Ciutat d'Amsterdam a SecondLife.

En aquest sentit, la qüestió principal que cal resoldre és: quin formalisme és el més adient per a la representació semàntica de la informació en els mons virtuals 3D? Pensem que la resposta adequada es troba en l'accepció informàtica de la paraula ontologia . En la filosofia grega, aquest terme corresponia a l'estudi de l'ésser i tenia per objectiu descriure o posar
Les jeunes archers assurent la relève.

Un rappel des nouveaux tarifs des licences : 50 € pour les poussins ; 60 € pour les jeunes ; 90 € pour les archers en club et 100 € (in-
---
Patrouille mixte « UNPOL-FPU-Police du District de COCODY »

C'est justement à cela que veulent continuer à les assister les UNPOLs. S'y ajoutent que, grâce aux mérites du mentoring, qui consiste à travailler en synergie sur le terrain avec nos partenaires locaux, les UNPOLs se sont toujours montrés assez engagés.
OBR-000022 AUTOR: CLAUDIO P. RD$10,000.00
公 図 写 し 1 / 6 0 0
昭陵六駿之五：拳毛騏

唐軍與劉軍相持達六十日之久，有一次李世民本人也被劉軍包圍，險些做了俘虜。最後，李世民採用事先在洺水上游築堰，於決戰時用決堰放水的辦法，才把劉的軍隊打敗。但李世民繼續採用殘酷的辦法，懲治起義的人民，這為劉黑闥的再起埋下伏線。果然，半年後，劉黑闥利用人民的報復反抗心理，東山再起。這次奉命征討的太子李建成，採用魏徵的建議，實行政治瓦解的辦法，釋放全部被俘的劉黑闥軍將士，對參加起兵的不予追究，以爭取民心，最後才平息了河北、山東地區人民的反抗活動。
---
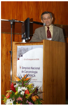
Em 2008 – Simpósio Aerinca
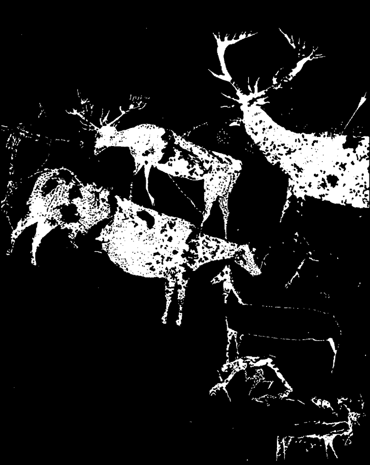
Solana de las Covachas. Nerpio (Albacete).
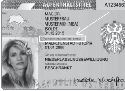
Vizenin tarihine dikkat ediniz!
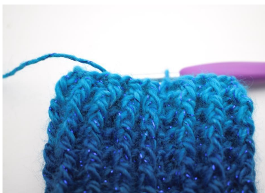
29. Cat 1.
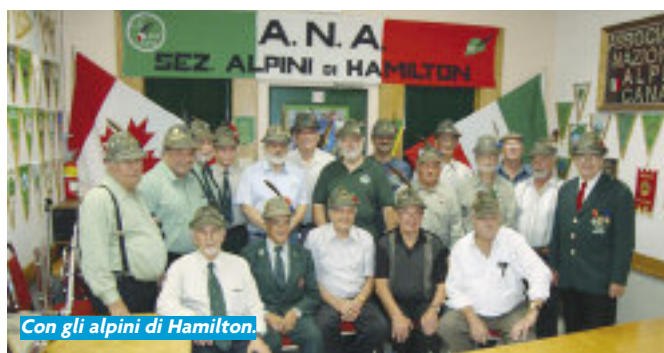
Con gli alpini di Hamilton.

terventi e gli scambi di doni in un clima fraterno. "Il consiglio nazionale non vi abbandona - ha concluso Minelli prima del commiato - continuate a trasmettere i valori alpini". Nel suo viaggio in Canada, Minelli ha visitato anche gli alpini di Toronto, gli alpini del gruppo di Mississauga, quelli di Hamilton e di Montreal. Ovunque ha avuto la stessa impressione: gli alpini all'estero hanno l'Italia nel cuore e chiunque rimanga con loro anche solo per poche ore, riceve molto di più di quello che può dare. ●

* _WHAT IS NEEDED_
In the listing above, locate the line containing "公 図 写 し 1 / 6 0 0" and the line containing "唐軍與劉軍相持達六十日之久，". Transcribe those two lines and everything between them, exactly as written.

* _SOLVED EXERCISE_
公 図 写 し 1 / 6 0 0
昭陵六駿之五：拳毛騏

唐軍與劉軍相持達六十日之久，有一次李世民本人也被劉軍包圍，險些做了俘虜。最後，李世民採用事先在洺水上游築堰，於決戰時用決堰放水的辦法，才把劉的軍隊打敗。但李世民繼續採用殘酷的辦法，懲治起義的人民，這為劉黑闥的再起埋下伏線。果然，半年後，劉黑闥利用人民的報復反抗心理，東山再起。這次奉命征討的太子李建成，採用魏徵的建議，實行政治瓦解的辦法，釋放全部被俘的劉黑闥軍將士，對參加起兵的不予追究，以爭取民心，最後才平息了河北、山東地區人民的反抗活動。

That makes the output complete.